Materials and methods

Drugs and main agents

Drugs: RIVA, an oral direct inhibitor of factor Xa, was purchased from ChemBest Research Laboratories Ltd. (CAS No. 366789-02-8).

Biochemical Reagents: alanine aminotransferase (ALT) kit (Cat No. C009-1) and aspartate aminotransferase (AST) kit (Cat No. C010-1) were purchased from Nan**g Jiancheng Institute of Biological Engineering. The hydroxyproline standard (trans-4-hydroxy-L-proline, Cat No. H54409) was purchased from Sigma.

Antibodies and pathological testing reagents: SABC Immunohistochemical Staining Kit (Cat No. SA1028-Rabbit IgG), anti-PAI-1 antibody (Cat No. ab66705), anti-fibrinogen rabbit monoclonal antibody (Cat No. ab189490), and anti-von Willebrand factor (vWF)antibody (Cat No. ab6994) were all purchased from Sigma.

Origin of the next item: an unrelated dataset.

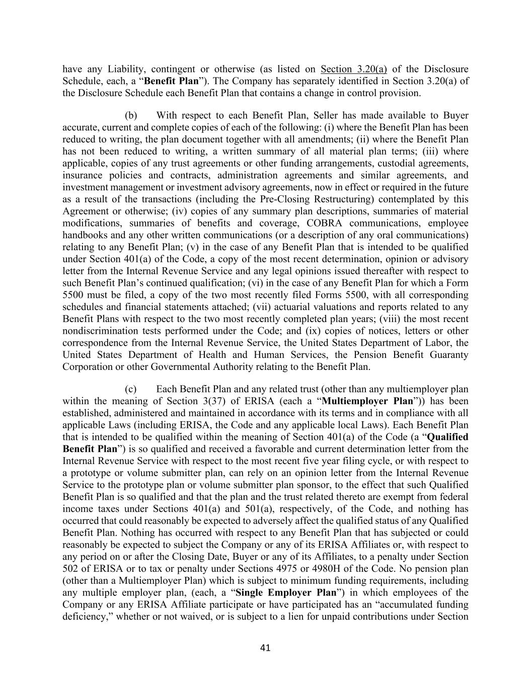 41 have any Liability, contingent or otherwise (as listed on Section 3.20(a) of the Disclosure Schedule, each, a “Benefit Plan”). The Company has separately identified in Section 3.20(a) of the Disclosure Schedule each Benefit Plan that contains a change in control provision. (b) With respect to each Benefit Plan, Seller has made available to Buyer accurate, current and complete copies of each of the following: (i) where the Benefit Plan has been reduced to writing, the plan document together with all amendments; (ii) where the Benefit Plan has not been reduced to writing, a written summary of all material plan terms; (iii) where applicable, copies of any trust agreements or other funding arrangements, custodial agreements, insurance policies and contracts, administration agreements and similar agreements, and investment management or investment advisory agreements, now in effect or required in the future as a result of the transactions (including the Pre-Closing Restructuring) contemplated by this Agreement or otherwise; (iv) copies of any summary plan descriptions, summaries of material modifications, summaries of benefits and coverage, COBRA communications, employee handbooks and any other written communications (or a description of any oral communications) relating to any Benefit Plan; (v) in the case of any Benefit Plan that is intended to be qualified under Section 401(a) of the Code, a copy of the most recent determination, opinion or advisory letter from the Internal Revenue Service and any legal opinions issued thereafter with respect to such Benefit Plan’s continued qualification; (vi) in the case of any Benefit Plan for which a Form 5500 must be filed, a copy of the two most recently filed Forms 5500, with all corresponding schedules and financial statements attached; (vii) actuarial valuations and reports related to any Benefit Plans with respect to the two most recently completed plan years; (viii) the most recent nondiscrimination tests performed under the Code; and (ix) copies of notices, letters or other correspondence from the Internal Revenue Service, the United States Department of Labor, the United States Department of Health and Human Services, the Pension Benefit Guaranty Corporation or other Governmental Authority relating to the Benefit Plan. (c) Each Benefit Plan and any related trust (other than any multiemployer plan within the meaning of Section 3(37) of ERISA (each a “Multiemployer Plan”)) has been established, administered and maintained in accordance with its terms and in compliance with all applicable Laws (including ERISA, the Code and any applicable local Laws). Each Benefit Plan that is intended to be qualified within the meaning of Section 401(a) of the Code (a “Qualified Benefit Plan”) is so qualified and received a favorable and current determination letter from the Internal Revenue Service with respect to the most recent five year filing cycle, or with respect to a prototype or volume submitter plan, can rely on an opinion letter from the Internal Revenue Service to the prototype plan or volume submitter plan sponsor, to the effect that such Qualified Benefit Plan is so qualified and that the plan and the trust related thereto are exempt from federal income taxes under Sections 401(a) and 501(a), respectively, of the Code, and nothing has occurred that could reasonably be expected to adversely affect the qualified status of any Qualified Benefit Plan. Nothing has occurred with respect to any Benefit Plan that has subjected or could reasonably be expected to subject the Company or any of its ERISA Affiliates or, with respect to any period on or after the Closing Date, Buyer or any of its Affiliates, to a penalty under Section 502 of ERISA or to tax or penalty under Sections 4975 or 4980H of the Code. No pension plan (other than a Multiemployer Plan) which is subject to minimum funding requirements, including any multiple employer plan, (each, a “Single Employer Plan”) in which employees of the Company or any ERISA Affiliate participate or have participated has an “accumulated funding deficiency,” whether or not waived, or is subject to a lien for unpaid contributions under Section

Establishment of a PVT model with cirrhosis in rats

Fifty-six male Sprague‒Dawley rats weighing 160–180 g were obtained from Bei**g Vital River Laboratory Animal Technology Co., Ltd. Among them, 7 rats were used as the normal control, other 49 rats received PPVL operation [11], one week later the survival rats were intraperitoneal injected with CCl4 for 4–10 weeks, as shown in the flow chart in Fig. 1B. Briefly, the rat skin was disinfected (Fig. 1-A1), 1.5–2 cm longitudinal incision was made in the upper abdomen (Fig. 1-A2). After the main portal vein was exposed and isolated, a 20G needle was placed adjacent to the portal vein, after which the portal vein was ligated with silk thread (Fig. 1-A3). At this time, the small intestine and stagnant mesenterial veins became stabile, and the color of these veins turned dark blue or violet (Fig. 1-A4). Then, the needle was removed slowly, which partially restored the portal vein blood flow. After penicillin was injected intraperitoneally (Fig. 1-A5), the peritoneum and the skin were closed separately (Fig. 1-A6). After one week, the rats that received PPVL were injected intraperitoneally with different doses of CCl4 for 10 weeks, as shown in Fig. 1B.

Experimental design

The survival rats after one week of PPVL were randomly divided into 6 groups according to random number table: the PPVL control group (without CCl4 intoxication; n = 6), the 4 week model group (n = 6), the 6 week model group (n = 6), the 8 week model group (n = 6), the 10 week model group (n = 10) and the RIVA-treated group (n = 10). All rats in model groups were intraperitoneally injected with 25-40% CCl4 dissolved in olive oil twice a week for 4 weeks to 10 weeks, the rats in RIVA-treated group received 10 weeks of CCl4 intoxication and orally took RIVA (20 mg/kg body weight [9]) for 6 weeks from the 4th weekend to 10th weekend. While 7 rats with the same species and weight took the same volume of saline as normal control group (n = 7). All animal experiments were approved by the institutional animal ethics committees of the Laboratory Animal Center at Shanghai University of Traditional Chinese Medicine, Shanghai, China (Ethics Number: SZY201804011). The euthanasia of rats was performed with sodium pentobarbital intraperitoneally 150–200 mg/kg of rat weight, which were complied with our university guideline for animals ethnic.

Fig. 1
figure 1

An animal model of portal vein thrombosis with cirrhosis in rats was established by partial portal vein ligation (PPVL) and CCl4 intoxication. (A) Surgical procedures for PPVL: (A1) Skin preparation and disinfection. (A2) A longitudinal incision approximately 1.5–2 cm was made along the midline of the abdomen. (A3) A 20G needle was placed adjacent to over the portal vein. (A4) The portal vein was ligated together with a 20G needle using silk thread, after which the needle was slowly withdrawn. (A5) Penicillin was injected. (A6) The abdomen and skin were closed. (B) Flowchart of model establishment. First, 160–180 g rats underwent the PPVL operation. One week later, the rats were injected intraperitoneally with 25-40% CCl4 at a volume of 2 ml/kg body weight twice a week and divided into different model groups according to the following time points: 4 weeks (n = 6), 6 weeks (n = 6), 8 weeks (n = 6), and 10 weeks (n = 10)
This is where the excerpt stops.